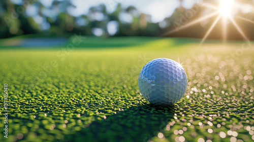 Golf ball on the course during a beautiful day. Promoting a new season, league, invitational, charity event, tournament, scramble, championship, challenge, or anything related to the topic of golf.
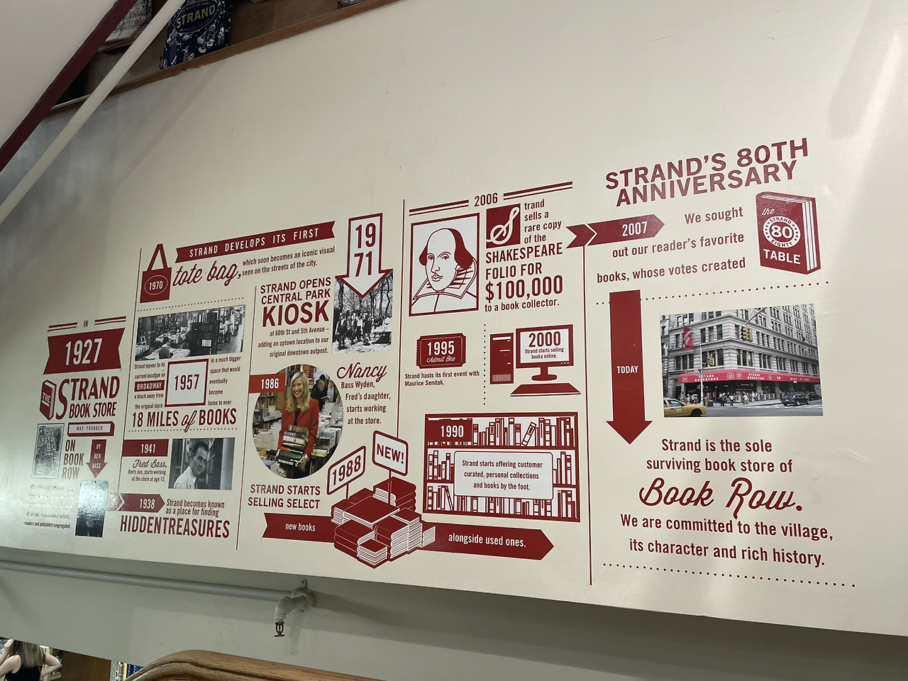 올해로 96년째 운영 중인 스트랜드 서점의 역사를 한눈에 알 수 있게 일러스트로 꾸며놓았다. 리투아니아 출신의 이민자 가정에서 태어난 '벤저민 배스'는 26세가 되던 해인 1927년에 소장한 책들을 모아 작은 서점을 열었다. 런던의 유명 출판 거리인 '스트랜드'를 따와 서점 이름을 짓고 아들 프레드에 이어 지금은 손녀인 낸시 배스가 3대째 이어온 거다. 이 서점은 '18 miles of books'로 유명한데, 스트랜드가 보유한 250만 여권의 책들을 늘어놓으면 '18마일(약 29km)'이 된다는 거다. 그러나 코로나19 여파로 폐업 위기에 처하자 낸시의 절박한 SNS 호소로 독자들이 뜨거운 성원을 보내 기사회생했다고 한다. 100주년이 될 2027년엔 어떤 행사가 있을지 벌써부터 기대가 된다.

◆ ◆ ◆ ◆

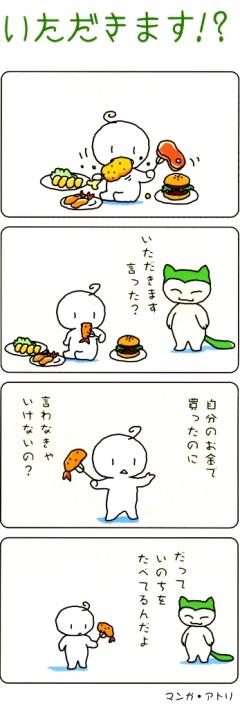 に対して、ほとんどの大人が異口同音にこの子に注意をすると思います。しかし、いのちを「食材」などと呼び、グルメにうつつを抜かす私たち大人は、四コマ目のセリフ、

◆ ◆ ◆ ◆

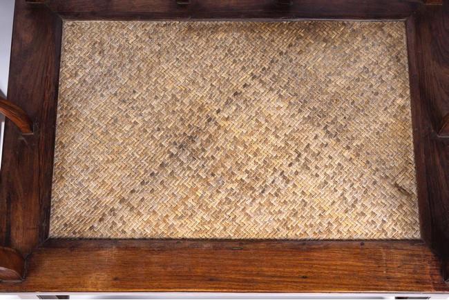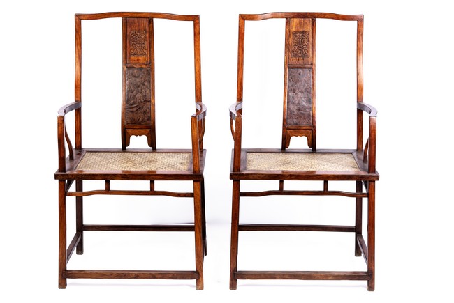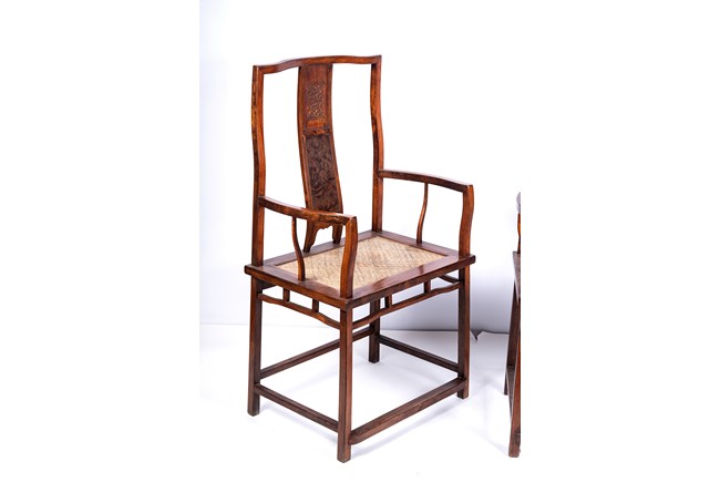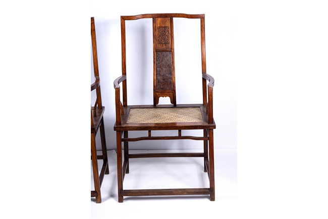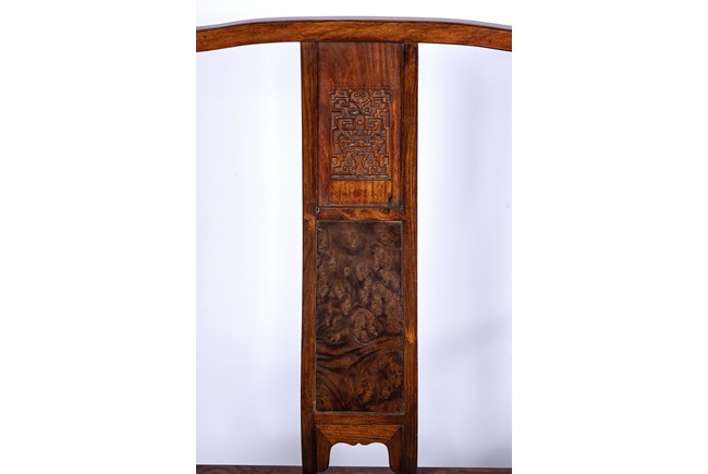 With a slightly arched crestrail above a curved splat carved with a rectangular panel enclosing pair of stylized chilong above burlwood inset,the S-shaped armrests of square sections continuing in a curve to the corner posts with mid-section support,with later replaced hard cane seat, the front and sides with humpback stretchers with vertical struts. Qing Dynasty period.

◆ ◆ ◆ ◆

#### [What is required]
Although pictures appear among the records above, none are to be output; print exactly the lines from the line containing "Golf ball on" through the line containing "올해로 96년째 운영".

#### [Answer section]
 Golf ball on the course during a beautiful day. Promoting a new season, league, invitational, charity event, tournament, scramble, championship, challenge, or anything related to the topic of golf.
 올해로 96년째 운영 중인 스트랜드 서점의 역사를 한눈에 알 수 있게 일러스트로 꾸며놓았다. 리투아니아 출신의 이민자 가정에서 태어난 '벤저민 배스'는 26세가 되던 해인 1927년에 소장한 책들을 모아 작은 서점을 열었다. 런던의 유명 출판 거리인 '스트랜드'를 따와 서점 이름을 짓고 아들 프레드에 이어 지금은 손녀인 낸시 배스가 3대째 이어온 거다. 이 서점은 '18 miles of books'로 유명한데, 스트랜드가 보유한 250만 여권의 책들을 늘어놓으면 '18마일(약 29km)'이 된다는 거다. 그러나 코로나19 여파로 폐업 위기에 처하자 낸시의 절박한 SNS 호소로 독자들이 뜨거운 성원을 보내 기사회생했다고 한다. 100주년이 될 2027년엔 어떤 행사가 있을지 벌써부터 기대가 된다.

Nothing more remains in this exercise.